Once the pictures are set aside, transcribe the remaining data exactly.

Collected data:

--- START ---

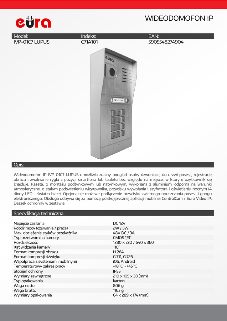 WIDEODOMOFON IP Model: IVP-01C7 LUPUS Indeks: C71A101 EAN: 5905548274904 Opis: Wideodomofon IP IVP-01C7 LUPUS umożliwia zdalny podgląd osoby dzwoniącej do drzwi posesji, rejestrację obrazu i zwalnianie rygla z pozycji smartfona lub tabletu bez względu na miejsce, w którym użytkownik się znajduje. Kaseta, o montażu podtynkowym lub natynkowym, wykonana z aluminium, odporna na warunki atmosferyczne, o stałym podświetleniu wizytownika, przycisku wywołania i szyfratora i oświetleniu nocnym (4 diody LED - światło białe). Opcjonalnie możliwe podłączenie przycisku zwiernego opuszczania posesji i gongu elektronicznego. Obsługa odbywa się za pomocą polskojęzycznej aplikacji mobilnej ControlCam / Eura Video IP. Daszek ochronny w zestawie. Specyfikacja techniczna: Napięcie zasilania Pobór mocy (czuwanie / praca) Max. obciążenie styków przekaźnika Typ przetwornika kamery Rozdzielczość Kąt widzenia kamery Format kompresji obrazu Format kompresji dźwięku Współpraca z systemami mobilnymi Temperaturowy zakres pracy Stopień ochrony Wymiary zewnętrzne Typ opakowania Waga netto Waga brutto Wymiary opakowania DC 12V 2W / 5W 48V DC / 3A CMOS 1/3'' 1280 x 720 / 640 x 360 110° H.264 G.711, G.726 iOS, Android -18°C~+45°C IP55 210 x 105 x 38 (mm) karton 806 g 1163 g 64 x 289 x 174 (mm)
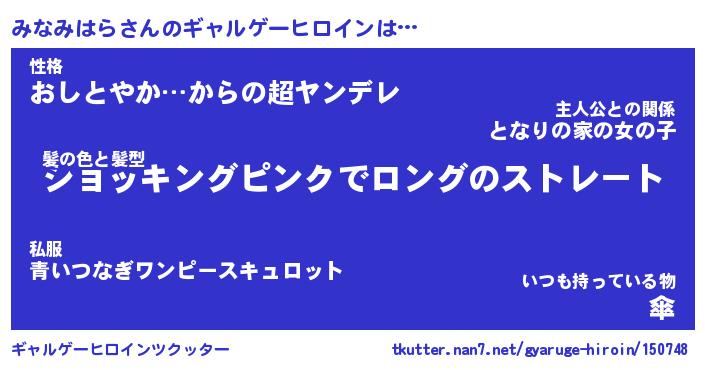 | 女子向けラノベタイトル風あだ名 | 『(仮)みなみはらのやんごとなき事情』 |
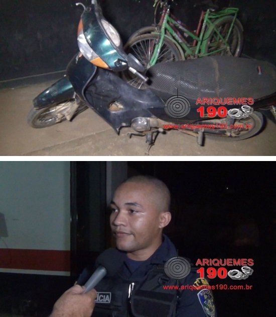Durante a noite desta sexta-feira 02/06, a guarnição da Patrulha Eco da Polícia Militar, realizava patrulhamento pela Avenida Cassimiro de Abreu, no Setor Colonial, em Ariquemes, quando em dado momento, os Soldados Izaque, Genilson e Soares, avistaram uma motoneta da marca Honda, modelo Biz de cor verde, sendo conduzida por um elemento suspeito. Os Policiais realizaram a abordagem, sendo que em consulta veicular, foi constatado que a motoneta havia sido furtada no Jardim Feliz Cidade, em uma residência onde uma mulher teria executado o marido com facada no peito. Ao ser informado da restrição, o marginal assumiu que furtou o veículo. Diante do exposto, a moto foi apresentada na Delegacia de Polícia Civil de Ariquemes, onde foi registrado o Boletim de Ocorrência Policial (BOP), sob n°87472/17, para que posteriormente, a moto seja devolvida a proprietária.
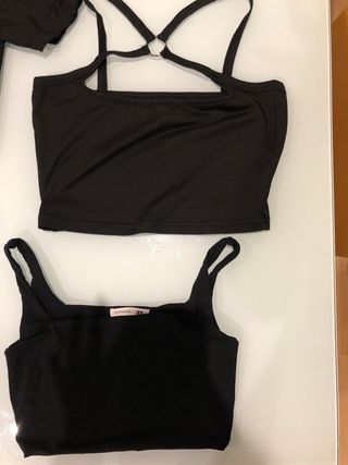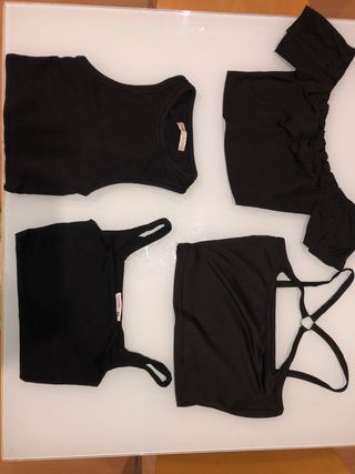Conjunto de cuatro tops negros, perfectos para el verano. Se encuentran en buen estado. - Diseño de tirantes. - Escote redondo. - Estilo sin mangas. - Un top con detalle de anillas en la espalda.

--- END ---

Reply to the task:
 WIDEODOMOFON IP Model: IVP-01C7 LUPUS Indeks: C71A101 EAN: 5905548274904 Opis: Wideodomofon IP IVP-01C7 LUPUS umożliwia zdalny podgląd osoby dzwoniącej do drzwi posesji, rejestrację obrazu i zwalnianie rygla z pozycji smartfona lub tabletu bez względu na miejsce, w którym użytkownik się znajduje. Kaseta, o montażu podtynkowym lub natynkowym, wykonana z aluminium, odporna na warunki atmosferyczne, o stałym podświetleniu wizytownika, przycisku wywołania i szyfratora i oświetleniu nocnym (4 diody LED - światło białe). Opcjonalnie możliwe podłączenie przycisku zwiernego opuszczania posesji i gongu elektronicznego. Obsługa odbywa się za pomocą polskojęzycznej aplikacji mobilnej ControlCam / Eura Video IP. Daszek ochronny w zestawie. Specyfikacja techniczna: Napięcie zasilania Pobór mocy (czuwanie / praca) Max. obciążenie styków przekaźnika Typ przetwornika kamery Rozdzielczość Kąt widzenia kamery Format kompresji obrazu Format kompresji dźwięku Współpraca z systemami mobilnymi Temperaturowy zakres pracy Stopień ochrony Wymiary zewnętrzne Typ opakowania Waga netto Waga brutto Wymiary opakowania DC 12V 2W / 5W 48V DC / 3A CMOS 1/3'' 1280 x 720 / 640 x 360 110° H.264 G.711, G.726 iOS, Android -18°C~+45°C IP55 210 x 105 x 38 (mm) karton 806 g 1163 g 64 x 289 x 174 (mm)
 | 女子向けラノベタイトル風あだ名 | 『(仮)みなみはらのやんごとなき事情』 |
Durante a noite desta sexta-feira 02/06, a guarnição da Patrulha Eco da Polícia Militar, realizava patrulhamento pela Avenida Cassimiro de Abreu, no Setor Colonial, em Ariquemes, quando em dado momento, os Soldados Izaque, Genilson e Soares, avistaram uma motoneta da marca Honda, modelo Biz de cor verde, sendo conduzida por um elemento suspeito. Os Policiais realizaram a abordagem, sendo que em consulta veicular, foi constatado que a motoneta havia sido furtada no Jardim Feliz Cidade, em uma residência onde uma mulher teria executado o marido com facada no peito. Ao ser informado da restrição, o marginal assumiu que furtou o veículo. Diante do exposto, a moto foi apresentada na Delegacia de Polícia Civil de Ariquemes, onde foi registrado o Boletim de Ocorrência Policial (BOP), sob n°87472/17, para que posteriormente, a moto seja devolvida a proprietária.
Conjunto de cuatro tops negros, perfectos para el verano. Se encuentran en buen estado. - Diseño de tirantes. - Escote redondo. - Estilo sin mangas. - Un top con detalle de anillas en la espalda.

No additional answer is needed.